"Many-to-Many" relationship between "Extraction Pipelines" and datasets

Related products: Extractors

Hi,

I am not sure if this is already on your roadmap, however I wanted to share an idea that could potentially improve the current data management processes in CDF. Our team utilizes for some data integrations a single extractor to fetch data that multiple datasets uses. This is done to minimize the load on our source enterprise databases, and reduce the maintenance of having a single larger extraction rather than many smaller extractions. This approach, presents a challenge in monitoring and lineage visibility, as each extraction can only be linked to only one dataset.
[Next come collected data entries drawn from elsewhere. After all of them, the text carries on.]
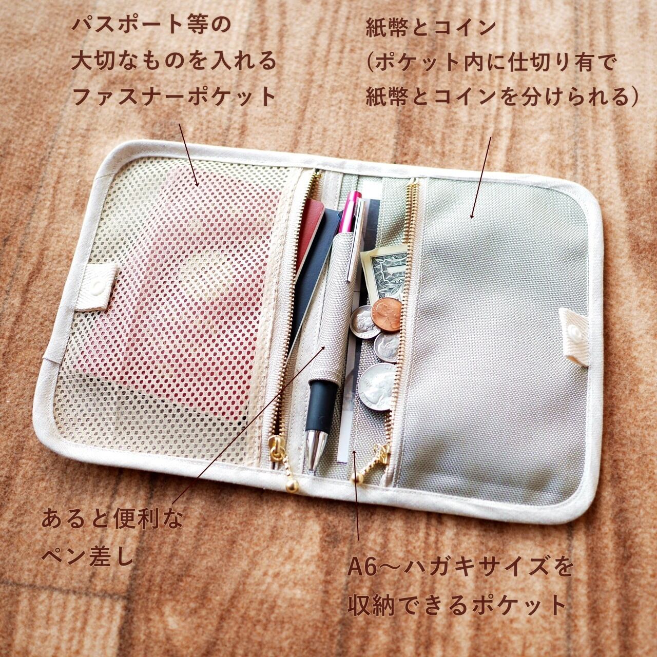 コイン等を入れるファスナーポケット1つ、
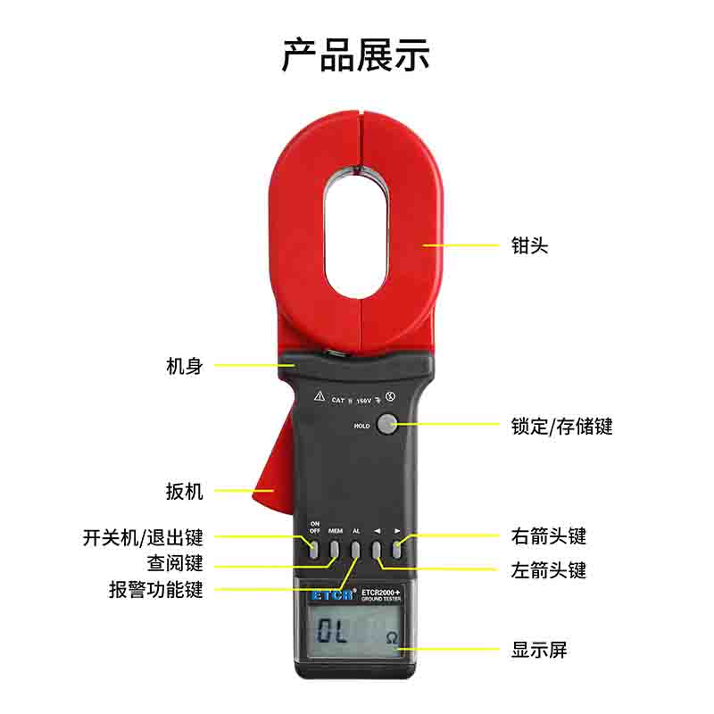 ETCR2000+鉗形接地電阻儀能測量出用傳統(tǒng)方法無法測量的接地故障,能應(yīng)用于傳統(tǒng)方法無法測量的場合,因?yàn)殂Q形接地電阻儀測量的是接地體電阻和接地引線電阻的綜合值。
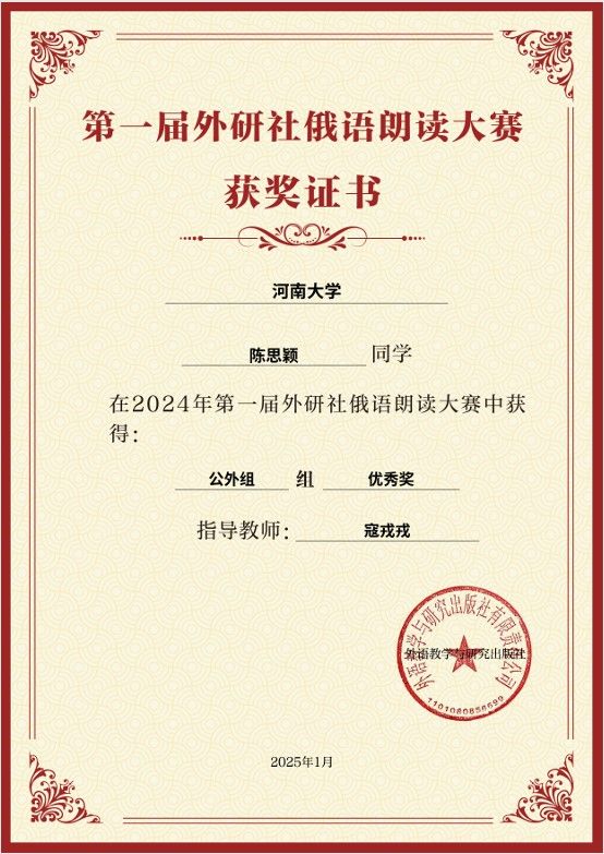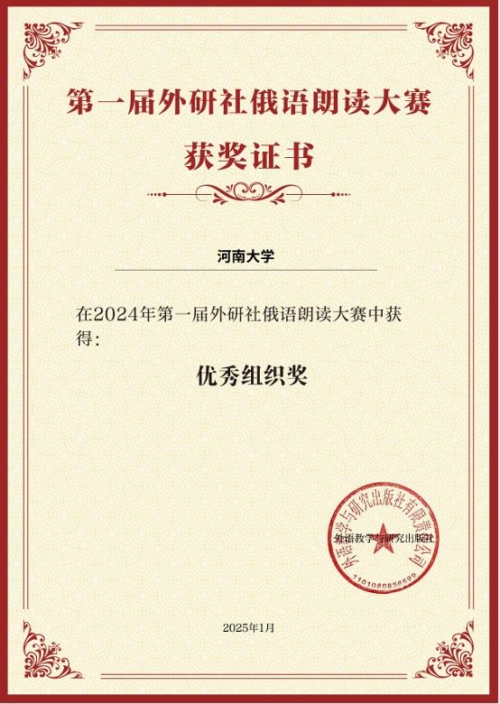 近日,由外语教学与研究出版社主办的首届全国俄语朗读大赛落幕。小说狂人 学子表现优异,2023级播音与主持艺术专业姚兆林、王佳悦两位同学分获公外组二等奖,陈思颖获优秀奖,小说狂人 获颁“优秀组织奖”荣誉称号。
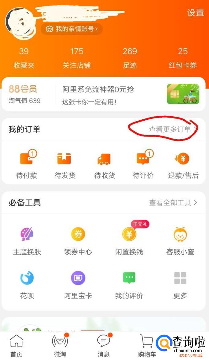 跳转到以下界面,可以看到更多订单这个选项,也就是下图划圈处。点击“查看更多订单”,跳转到订单界面。
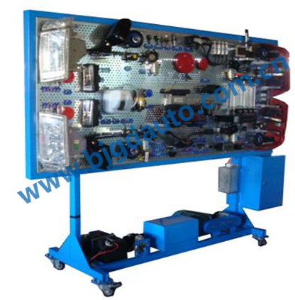 設(shè)備采用原車電器系統(tǒng)器件組成,包括:電源系統(tǒng)、起動系統(tǒng)、照明系統(tǒng)、儀表系統(tǒng)、信號系統(tǒng)、音響系統(tǒng)、玻璃清潔系統(tǒng)、中控門鎖、玻璃升降器、電動后視鏡、汽車?yán)群托铍姵氐?。外加系統(tǒng)主要包括: 故障設(shè)置系統(tǒng)、故障顯示裝置、驅(qū)動電機、電源總開關(guān)、檢測端子以及安全防護裝置等。本臺架可以完整展示車身電器系統(tǒng)的組成、結(jié)構(gòu)和工作原理,可以進行車身電器系統(tǒng)常見故障的模擬、診斷和檢測實操訓(xùn)練,提高學(xué)生分析和解決實際問題的能力,適合中高等汽車院校與培訓(xùn)機構(gòu)對學(xué)員進行車身電器系統(tǒng)的教學(xué)需要。
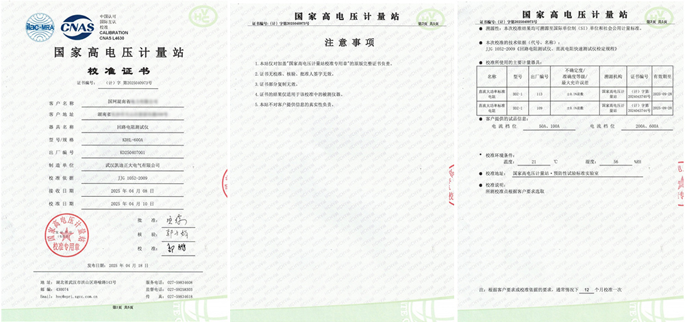 近日,國(guó)網(wǎng)湖南省某有限公司采購(gòu)的武漢凱迪正大KDHL-600A回路電阻測(cè)試儀,順利通過(guò)了國(guó)家高電壓計(jì)量站的嚴(yán)格校準(zhǔn),并獲得了校準(zhǔn)證書。
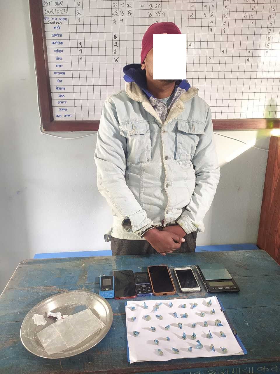 मंगलबार प्रहरी टोलीले गर्दा लागु ब्राउन सुगर सहित निजको साथ बाट बिभिन्न कम्पनीका ५ थान मोबाईल १ थान डिजिटल तराजु सहित पक्राउ गरेको इप्रका पथरीले जनायो ।
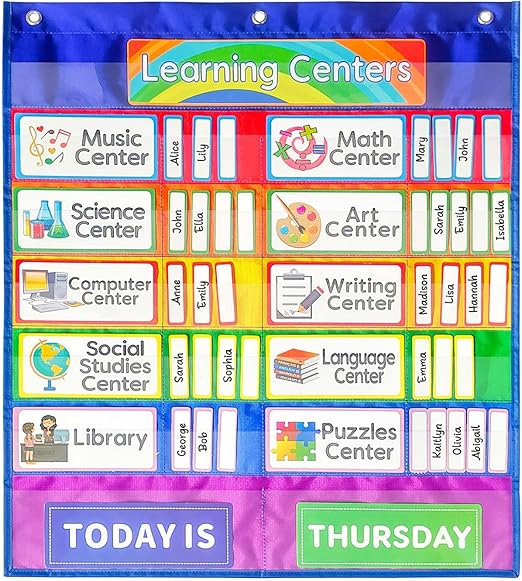- WHAT YOU WILL GET:1 piece of classroom pocket chart,16 pieces activity cards,80 pieces blank dry earse name cards and 1 pieces title card,Today is and 7 weeks cards
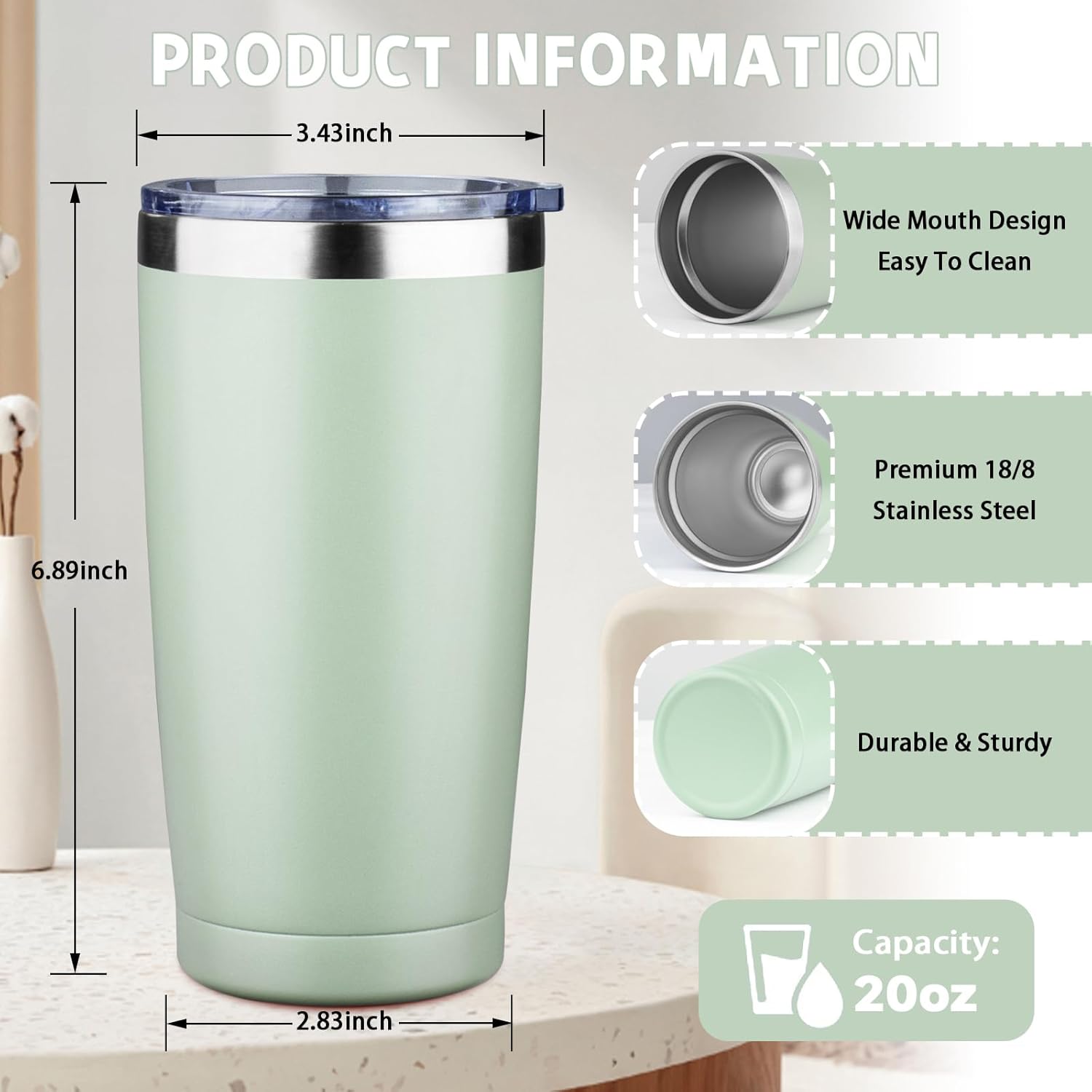 - โ ใ๐๐ผ๐๐ฏ๐น๐ฒ ๐ช๐ฎ๐น๐น ๐ฉ๐ฎ๐ฐ๐๐๐บ ๐๐ป๐๐๐น๐ฎ๐๐ถ๐ผ๐ปใ20 oz tumbler with straw is designed with double wall vacuum insulation that will not produce condensation and will keep your drink cold or hot for a long time. At room temperature, it can keep your drinks cold for up to 12 hours and hot for up to 8 hours.With a large 20 oz capacity, it can meet your daily or travel drinking needs and keep you hydrated at all times.
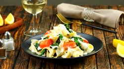 Il est vrai que si l’on compare les plats faits maison et trouvés au rayon traiteur ou surgelés la différence est immense. Et pour la plupart, ça ne prend pas beaucoup plus de temps de les réchauffer que de les préparer et donc, manger mieux. Ça permet en plus de contrôler les quantités exorbitantes de sel et sucre contenues dans les préparations industrielles. Faites une première expérience du frais avec ces pâtes crémeuses au saumon et épinards.
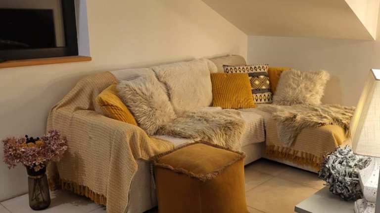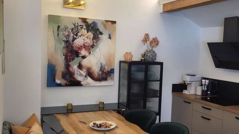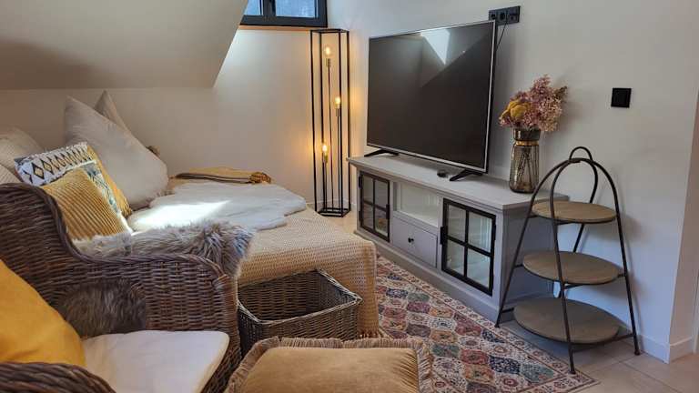 Die Ferienwohnung Angies Loft bietet ein separates Schlafzimmer, ein Wohnzimmer sowie eine voll ausgestattete Küche mit Kühlschrank. Ein Badezimmer ist ebenfalls vorhanden.
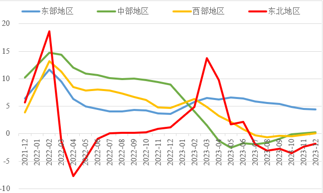 (三)東部地區投資保持較快增長,東北地區投資延續負增長。今年以來,中咨公司承接31個省市委托的項目中,東部、中部、西部和東北地區占比分別為43%、16%、36%、5%。2023年,我國東部地區投資同比增長4.4%,較全國水平高了1.4個百分點;中部、西部地區投資增速由負轉正,分別同比增長0.3%、0.1%;東北地區投資同比下降1.8%,降幅較前三季度有所收窄。
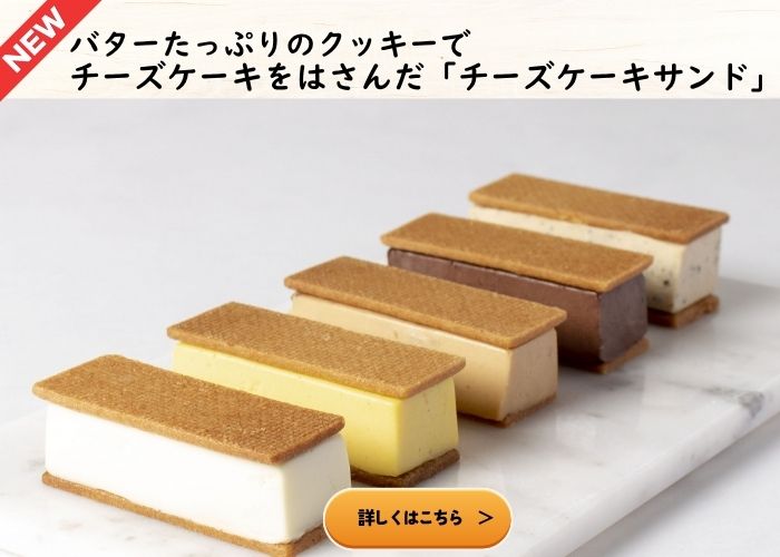 新商品 バター香るクッキーで挟んだ9種類のチーズケーキサンド
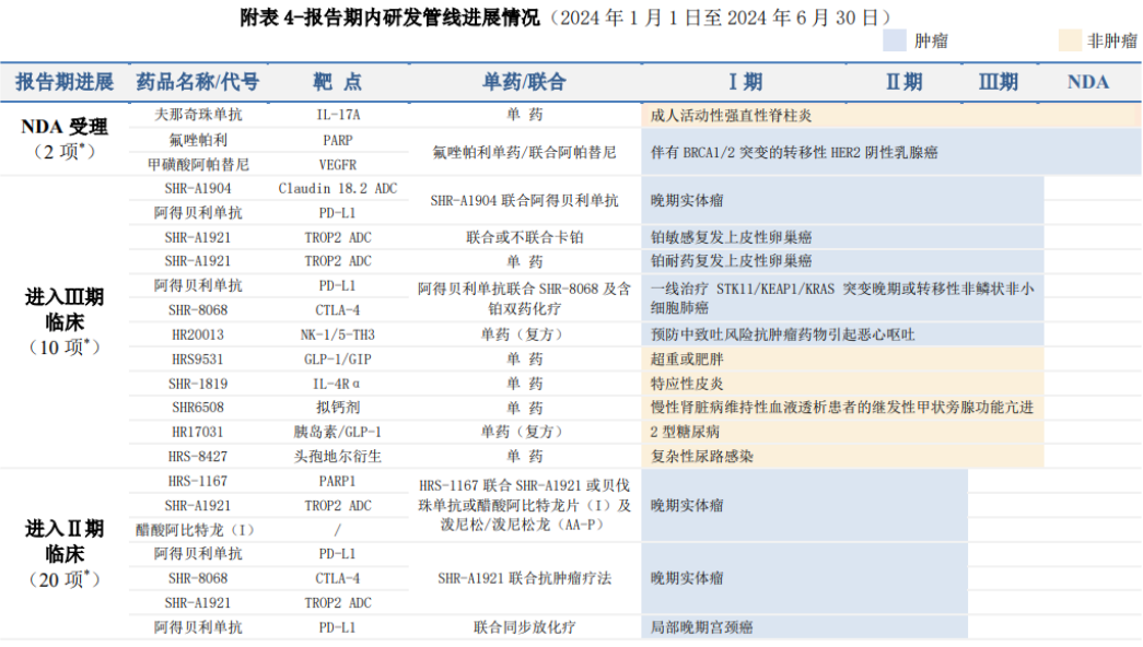 截止2024年6月末,恆瑞醫藥共有14款自研創新藥、2款合作引進創新藥在國內獲批上市,已上市及在研創新藥數量居國內前列。
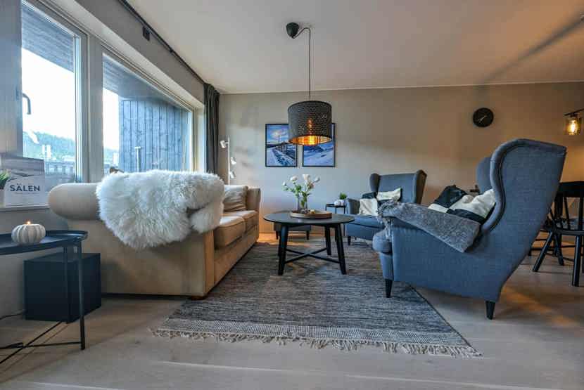 TV, balkon, I huset findes skiskabe med skistøvleopbevaring og elevator, 1 parkeringsplads.
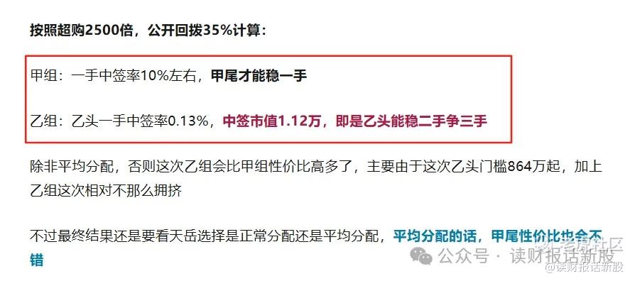 高一丢丢的话,其实中签率几乎也没什么影响,因此,维持昨天公号文章上对天岳的中签率预测:
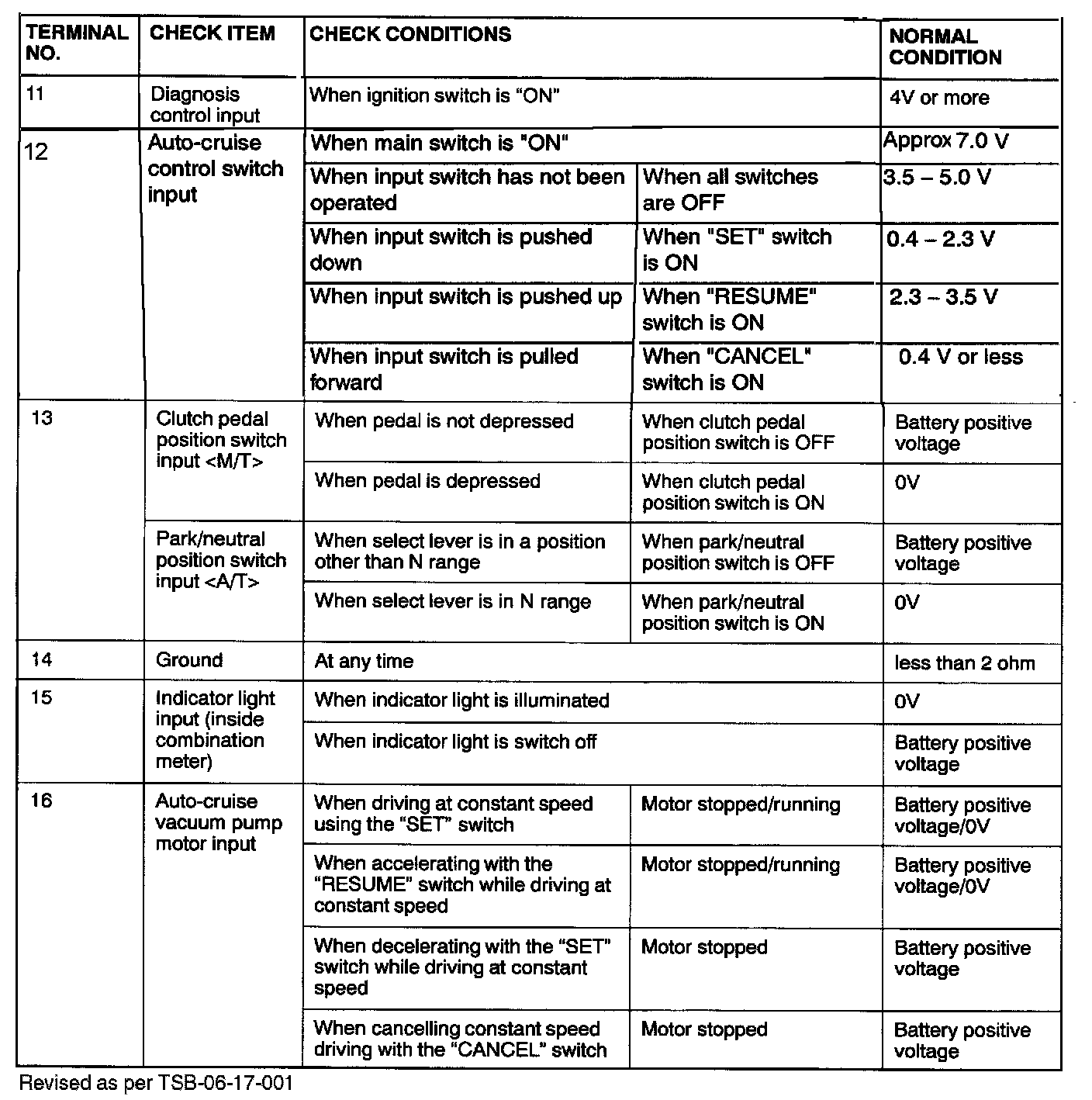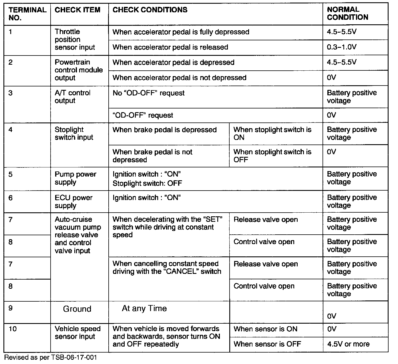 Pinout Values and Diagnostic Parameters
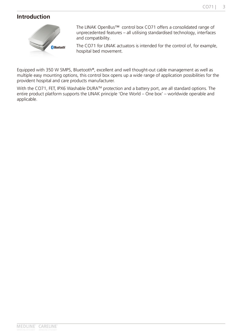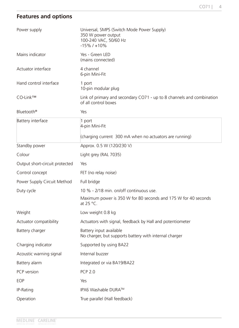 With the CO71, FET, IPX6 Washable DURA™ protection and a battery port, are all standard options. The entire product platform supports the LINAK principle "One World – One box" – worldwide operable and applicable.

The core of the proposal is to consider a "many-to-many" relationship between Extraction Pipelines and Datasets. This would allow us to maintain our integrations easier while significantly improving lineage visibility for all related datasets. Implementing such a feature could provide a clearer overview of data dependencies, that I believe other firms than AkerBP would also find useful.

Page 1 / 1

@Jørgen Lund Maybe something for you to look into with your monitoring improvements that is ongoing.

Thanks @MatiasRamsland and @Øystein Aspøy.

Just for clarifiation: is the extractor in this example writing to multiple datasets directly, or to a single dataset that is subsequently processed/moved into a number of other datasets?

In general I think this sounds like a good idea, and we’ll consider it as part of the improvements we are planning for monitoring.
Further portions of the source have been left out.